Aécio avalia participação de Minas na Conferência dos Governadores
Por Ana Vasco, 3 de Outubro de 2009, 000h46

Em Los Angeles, chegou ao fim a 2ª Conferência Internacional sobre Clima Global.
Além de participar de várias discussões temáticas, Aécio Neves realizou,
na tarde de quinta (1/10) uma palestra sobre as experiências
do governo de Minas na área de meio ambiente e sustentabilidade.
Ele falou principalmente sobre a atuação da empresa
de energia do Estado, a Cemig, e sobre os seus investimentos
em energia hidrelétrica e eólica. 





“Vejo com muita alegria que, cada vez mais, a questão da sustentabilidade
participa de forma absolutamente central de todas as discussões,
de todos os continentes, de todos os países e de todos os partidos políticos.
Esse é, sem dúvida alguma, o maior avanço
que assistimos nesses nossos tempos modernos.”
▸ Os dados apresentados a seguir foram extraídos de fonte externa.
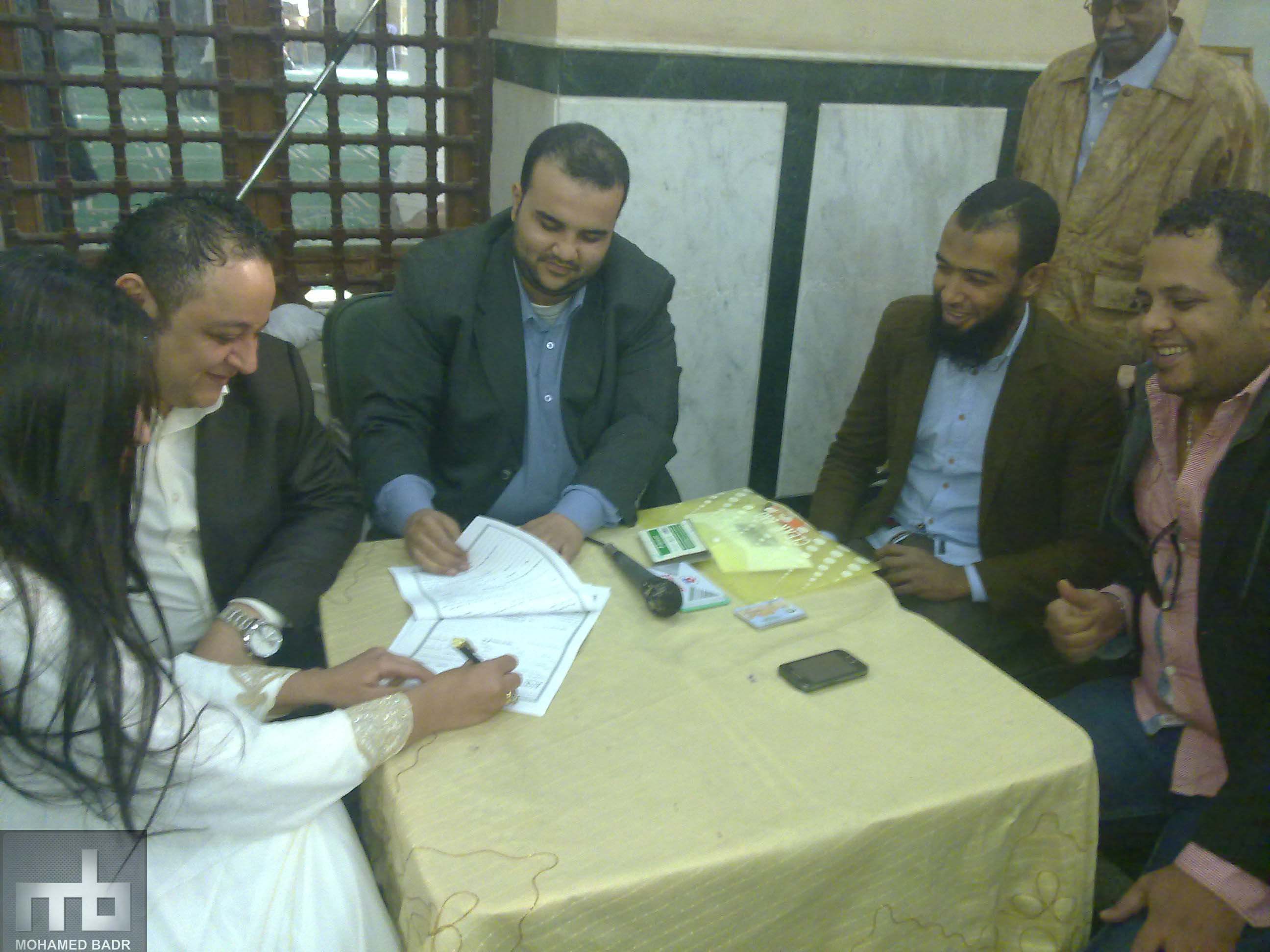 قبل حضور المأذون اخذ العروسان الصور التذكارية مع بعض من اقاربهما وثم جاءت لحظة كتب الكتاب والتوقيع على قسيمة الزواج والبصم عليها وتوقيع الشهود وكان من بينهم الفنان / احمد نصار صديق العروسن ، ثم تلا كلا من : العريس ووكيل العروسة قسم الزواج وقد دعا المأذون لهما وآمن الحاضرين من بعده واحتفل الحضور بهم بالغناء لهم والزغاريد وتوزيع الشوكلاتة والعصائر واخذ الصور معهم وتمنوا لهم حياة كريمة وزفاف سعيد في القريب العاجل

(Aécio Neves, sobre a conferência dos governadores, em Los Angeles)

 


Durante o evento, Aécio Neves também esteve com o governador da Califórnia,
Arnold Schwarzenegger. Aécio demonstrou interesse em firmar,
com o governo da Califórnia, uma aliança de cooperação entre os estados,
para troca de experiências na área de meio ambiente. 
 


E as atividades mais importantes não pararam por aí.
Na tarde de ontem (2/10), Aécio Neves encontrou-se, em Los Angeles,
com o ex-primeiro ministro da Inglaterra, Tony Blair.
De acordo com Aécio, Tony Blair parabenizou o Brasil
pela escolha do Rio de Janeiro como sede das Olimpíadas de 2016.
Aécio apresentou a ele alguns projetos desenvolvidos pelo governo de Minas
e convidou Blair a fazer uma visita ao Brasil,
para ampliar as discussões sobre as questões ambientais.
Tony Blair teria aceitado o convite, para o início de 2010.

 

 

“O ex-primeiro-ministro Tony Blair tem assumido um papel de liderança
extremamente importante no debate de temas essenciais ao futuro do planeta,
como a questão ambiental e também a questão do multilateralismo.
Ele é hoje uma figura extremamente respeitada em vários fóruns,
foi uma das figuras centrais deste encontro aqui em Los Angeles .
Mostrando um conhecimento profundo
das transformações que vêm ocorrendo no Brasil,
ele destacou o papel cada vez mais decisivo que o Brasil vem exercendo,
inclusive, na comunidade internacional."

(Aécio Neves, após encontro com o ex-primeiro ministro da Inglaterra, Tony Blair,
em Los Angeles, 2 out. 2009)

 

Em Los Angeles, Aécio também participou de uma reunião
com o vice-presidente da Boeing, Kenneth Shaw.
Eles discutiram sobre a possibilidade de a empresa instalar
um centro de manutenção no entorno do Aeroporto de Confins.
Essa área, localizada na Região Metropolitana de Belo Horizonte,
tenderá a se transformar, em pouco tempo, no mais importante pólo
de manutenção de aeronaves e de indústria de componentes do Brasil.

 

Para Aécio Neves, o balanço final de sua viagem
a Los Angeles foi extremamente positivo. Ele teve a oportunidade
de compartilhar importantes experiências e coletar informações
de projetos bem sucedidos, desenvolvidos pelo setor público e privado.
"Não há como nenhum governante se apresentar à sua gente,
à sua população, em eleições ou fora delas, sem introduzir
o tema da sustentabilidade no seu discurso
e nos seus compromissos", explicou Aécio.